High Dimensional Data Enrichment: Interpretable, Fast, and Data-Efficient
This work addresses the problem of efficient and interpretable multi-task learning for high-dimensional data, presenting a foundational analysis but with incremental methodological contributions.
The paper tackles multi-task learning in high-dimensional settings by introducing an estimator for data enrichment/sharing with connected linear regressions, showing that the common parameter benefits from all pooled samples and providing non-asymptotic error bounds and a fast iterative algorithm.
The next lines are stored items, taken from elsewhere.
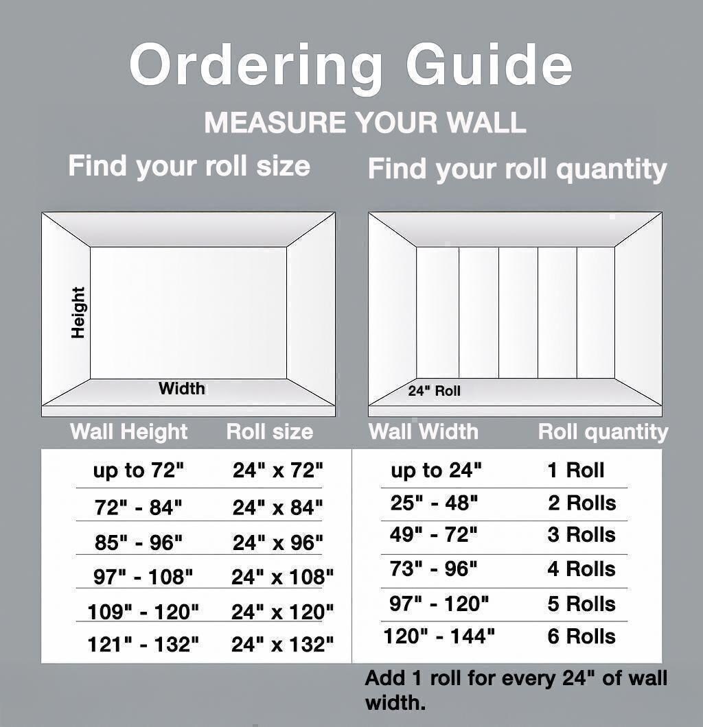 Example: For a wall 72 inches (183 cm) wide, order 3 rolls.
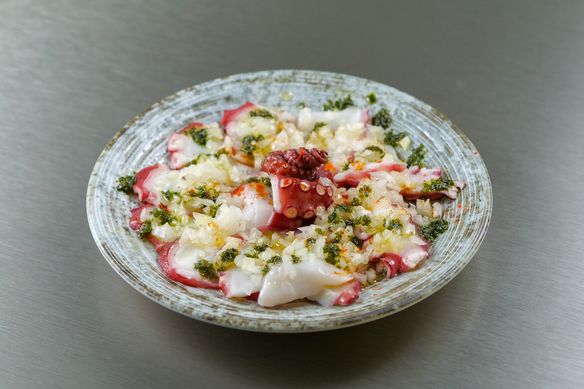 豊洲から仕入れた真蛸は新鮮そのもの!適度な弾力と歯ごたえで食べ応えのある一品に。特製のバジルビネガーソースとよく合います
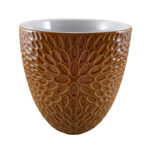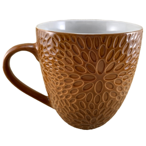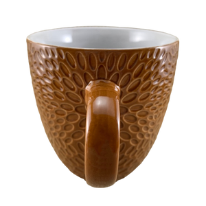This mug has a pattern of textured ovals completely wrapping around its exterior surface.
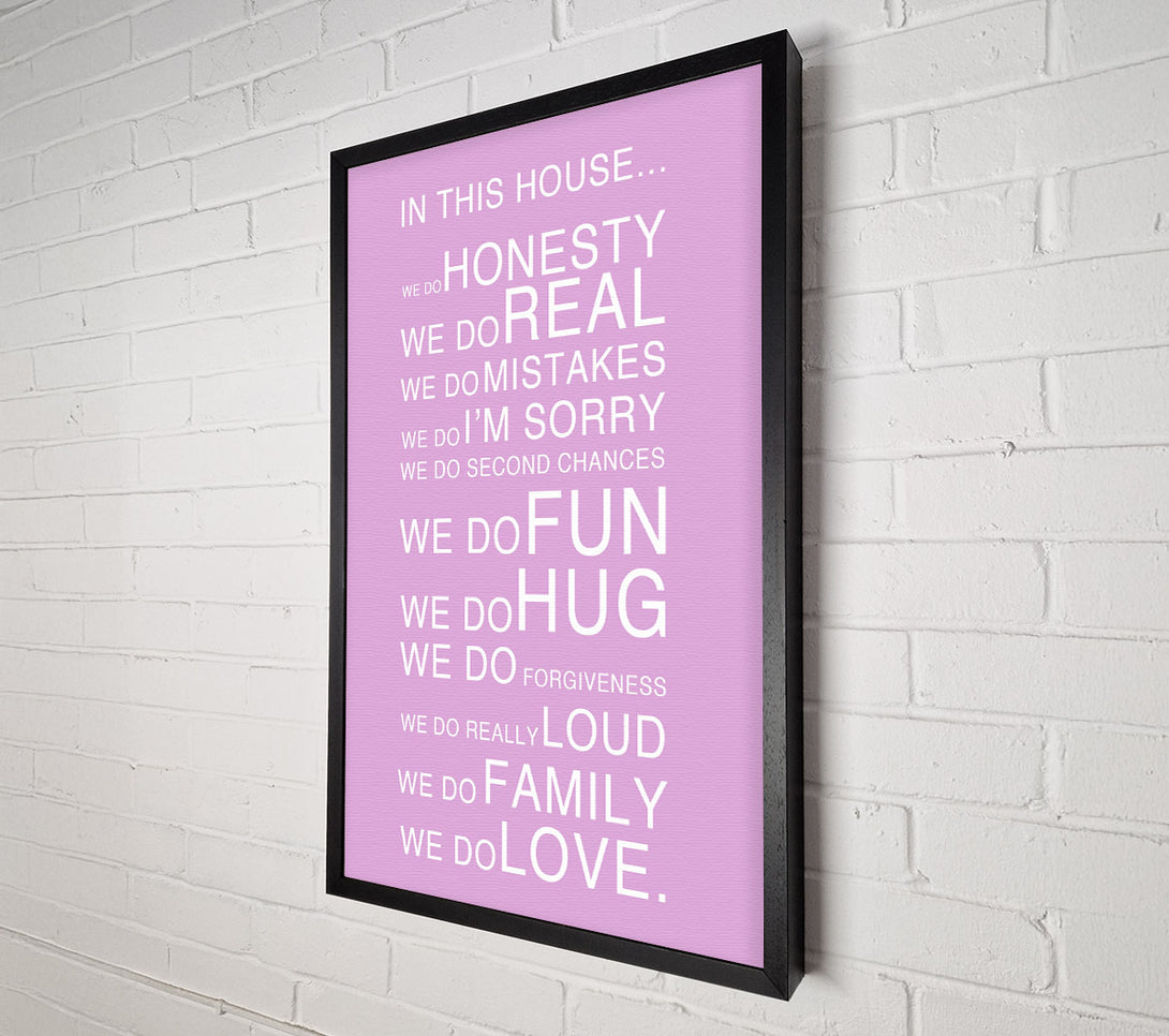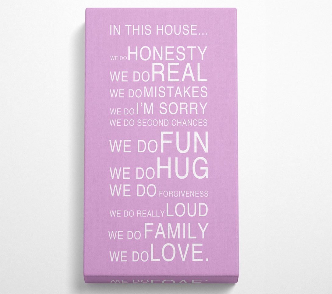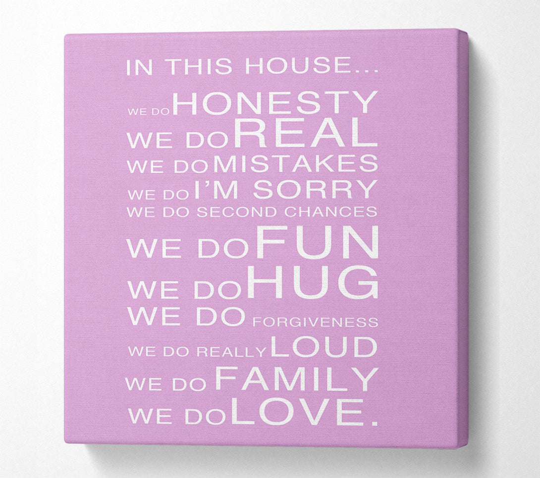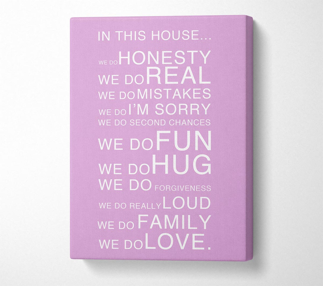Brighten up your home with the Family Quote In This House Pink Canvas Print. This charming wall art piece features a heartfelt family quote, creating a warm and inviting atmosphere in any room. The soft pink background adds a touch of elegance and blends seamlessly with various interior styles. Available in five sizes, from small to oversized, this canvas print can fit any wall space perfectly, whether it's a cozy nook or a grand living room. Made with high-quality materials, it ensures lasting beauty and durability. Easy to hang and maintain, this canvas print is a delightful addition to any home, reminding everyone of the love and togetherness that makes a house a home.
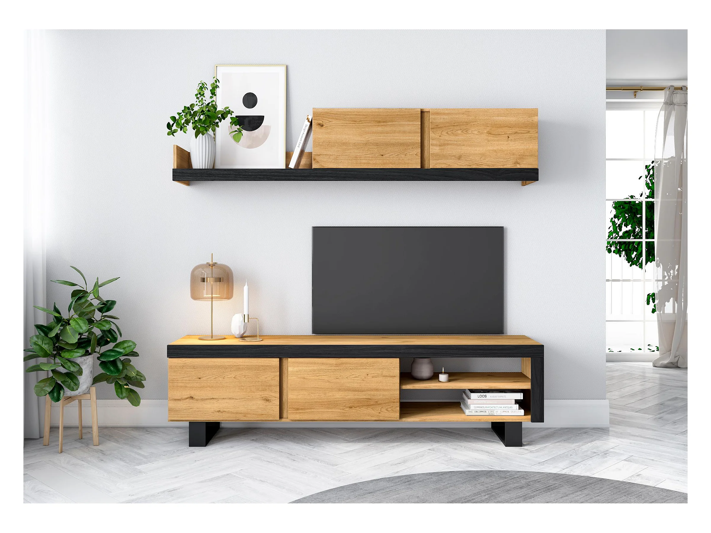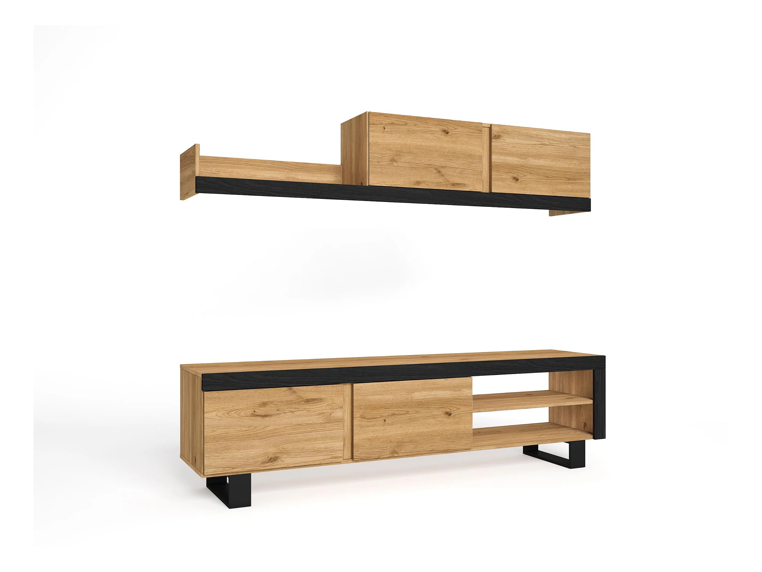 Mueble de Salón IDEM "Naturale" con patas - Módulos de Comedor - Roble/Negro Nórdico, 200x40x180cm
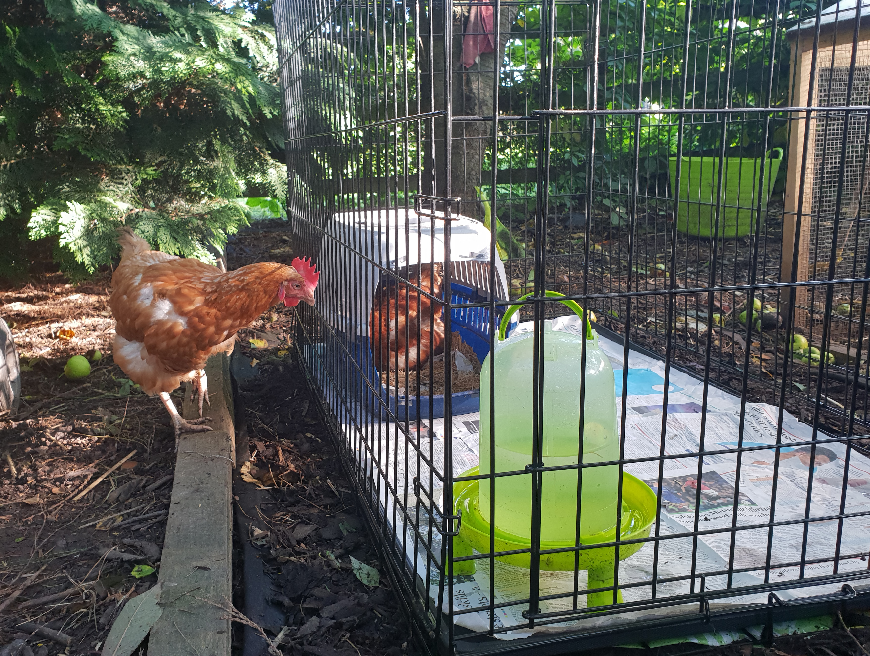 I patiently went and collected her, brought her back to the new run (I even brought up the deluxe boutique individual nesting box up for her – it’s a cat carrier with bedding in it, but they love it).
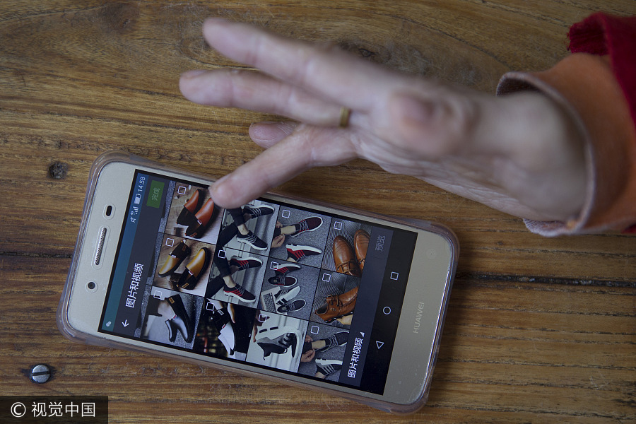 Zhong Huayin, mujer discapacitada, viuda y madre de un ni?o de 5 a?os, promociona nuevos productos en su cuenta de WeChat. Ella reside en Jiaxing, provincia de Zhejiang. [Foto: VCG]
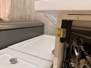 Ghost Sharpener solves this problem with a pivot-mounted sharpening assembly that attaches directly to a drawer or cabinet frame. The sharpener:
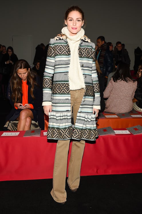 Olivia donned a patterned coat from Diane von Furstenberg's Pre-Fall 2015 collection at the designer's show. That animal print collar? Everything.
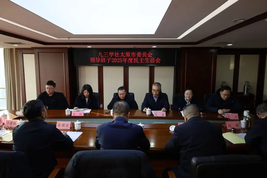 2月13日,九三学社太原市委领导班子2025年度民主生活会在机关会议室召开。会议由社市委主委李新华主持,副主委张国宏、崔晓青、司建林、刘晓参加会议。市纪委监委驻市委统战部纪检监察组组长曹宏伟、市委统战部二级调研员吴一兵、社省委内部监督委员会副主任陈文惠等到会指导。社市委内部监督委员会副主任韩宇列席会议。
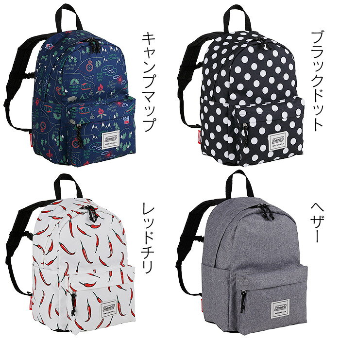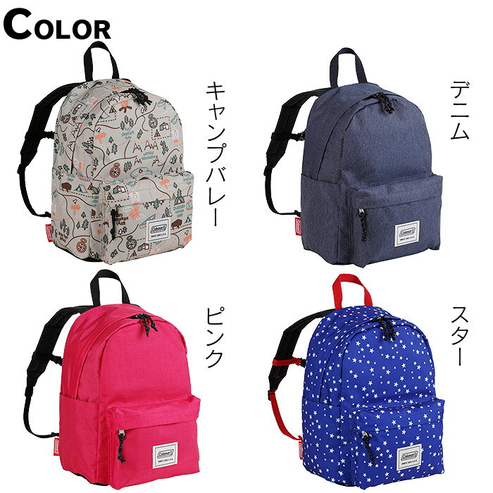 ギフト対応 Details ■Brand Coleman コールマン ■Item C-キッズパック 11L リュックサック キッズ ■Size 約26×13×15cm ■Color ・キャンプバレー(2000032959) ・デニム(200032960) ・ピンク(2000032961) ・スター(200032962) ・キャンプマップ(2000032963) ・ブラックドット(2000032964) ・レッドチリ(2000032965) ・ヘザー(2000032966) ■重量 約310g前後 ■容量 約11L ■素材 ナイロン/ポリエステル ■Spec フロントファスナーポケット×2 両サイドにポケット メイン収納(内部に差込ポケット、ネームタグ) チェストベルト付き Comment コールマン C-キッズパック ミニ 幼稚園児や小学生の遠足やお出かけにお勧め♪
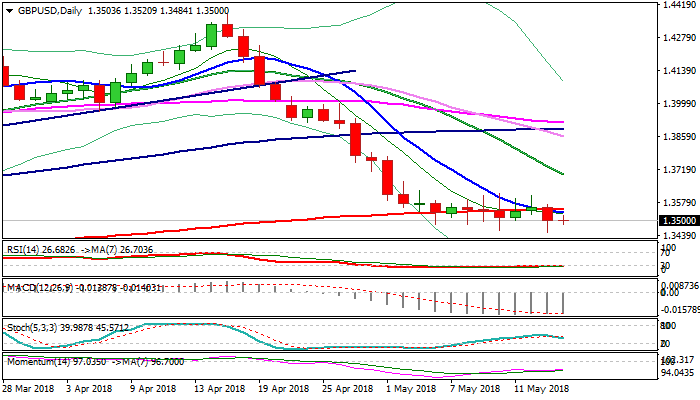 Cable holds within narrow range in early Wednesday’s trading with near-term structure being negatively aligned following Tuesday’s close in red and brief probe through key support at 1.3460.
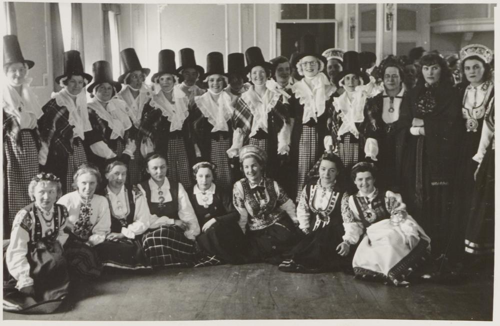 Teodora Reitera kora dalībnieces un Velsas pilsētas Svonsi (Swansea, arī Svonzi) pilsētas iedzīvotājas piedalās nacionālo tērpu skatē. Grupas foto.
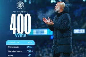 瓜帅执教曼城400胜分布:其中英超260场,欧冠64场,足总杯41场
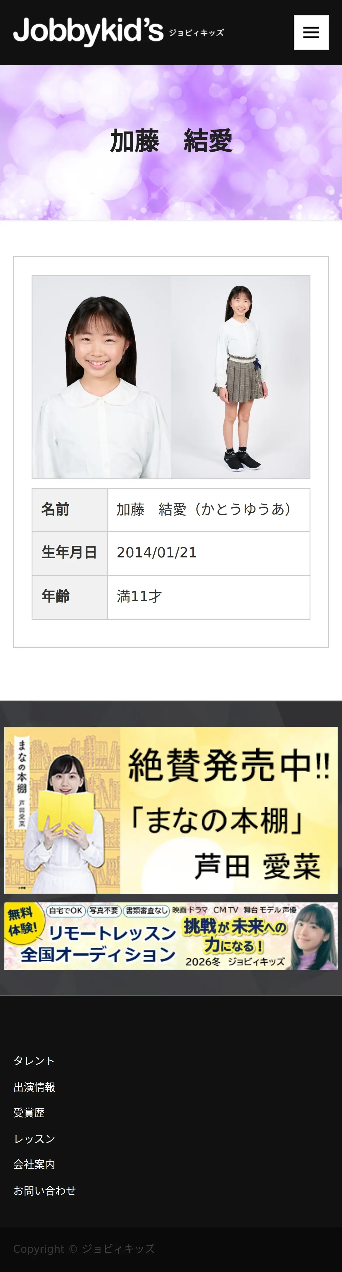 取得元URL: https://www.jobbykids.jp:443/talent/%E5%8A%A0%E8%97%A4%E7%B5%90%E6%84%9B/
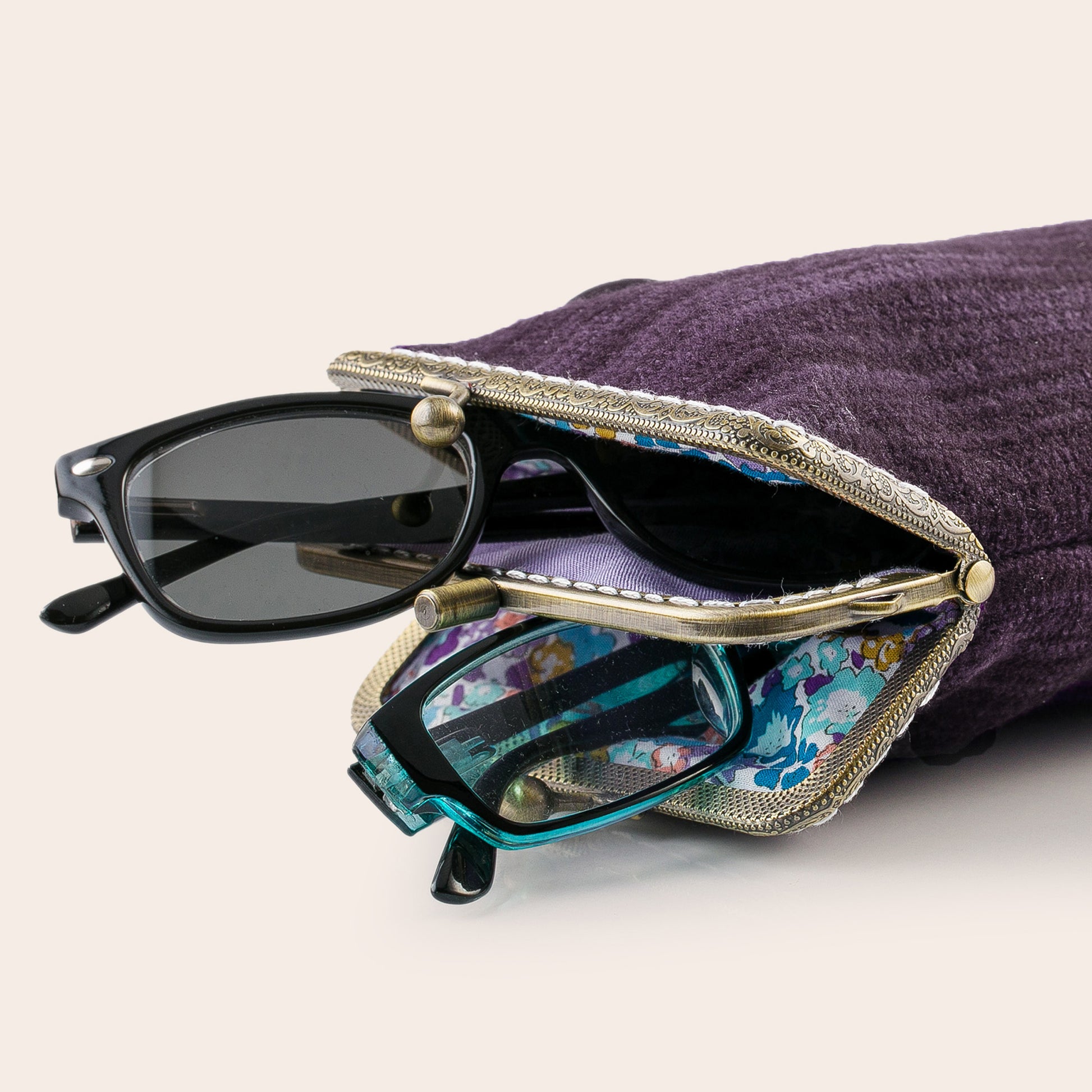 Combine your sunglasses and reading glasses elegantly in one case. Our fully lined and cushioned case is designed to accommodate chunkier sunglasses and reading glasses. With double pockets for flawless organization, each pocket can be opened and secured individually. Crafted from upholstery fabric with a delightful floral cotton interior, this case also includes a layer of padded cotton for added softness and superior protection.
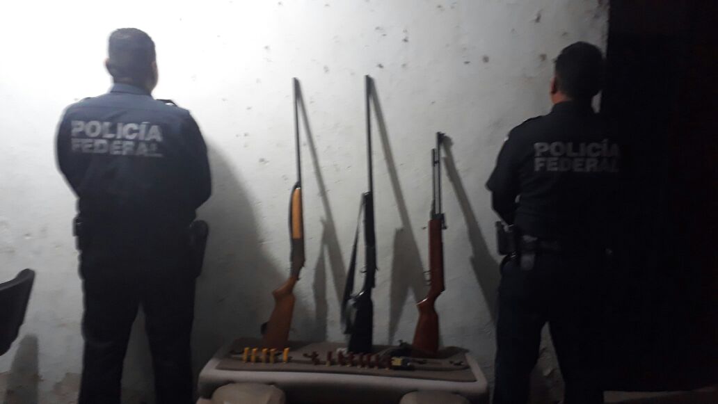 Chetumal.- Detiene la Policía Federal a dos personas con armas largas y cortas, quienes presuntamente se habían robado un camión de carga, en la carretera a Escárcega.
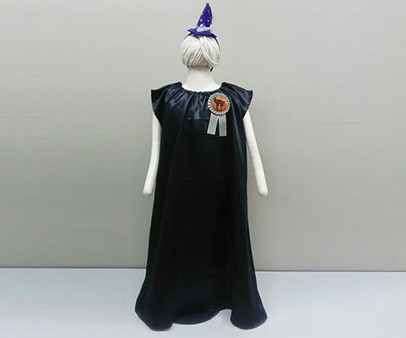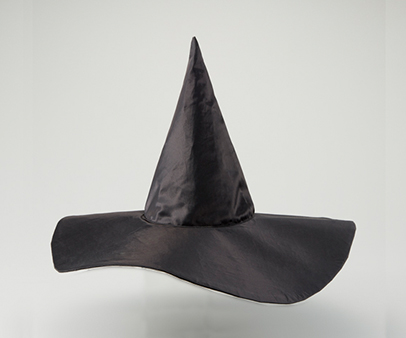 魔女のワンピースとコーディネイトできる魔法使いの帽子。手芸店で売っているサテン生地で作ります。

We consider the problem of multi-task learning in the high dimensional setting. In particular, we introduce an estimator and investigate its statistical and computational properties for the problem of multiple connected linear regressions known as Data Enrichment/Sharing. The between-tasks connections are captured by a cross-tasks \emph{common parameter}, which gets refined by per-task \emph{individual parameters}. Any convex function, e.g., norm, can characterize the structure of both common and individual parameters. We delineate the sample complexity of our estimator and provide a high probability non-asymptotic bound for estimation error of all parameters under a geometric condition. We show that the recovery of the common parameter benefits from \emph{all} of the pooled samples. We propose an iterative estimation algorithm with a geometric convergence rate and supplement our theoretical analysis with experiments on synthetic data. Overall, we present a first thorough statistical and computational analysis of inference in the data-sharing model.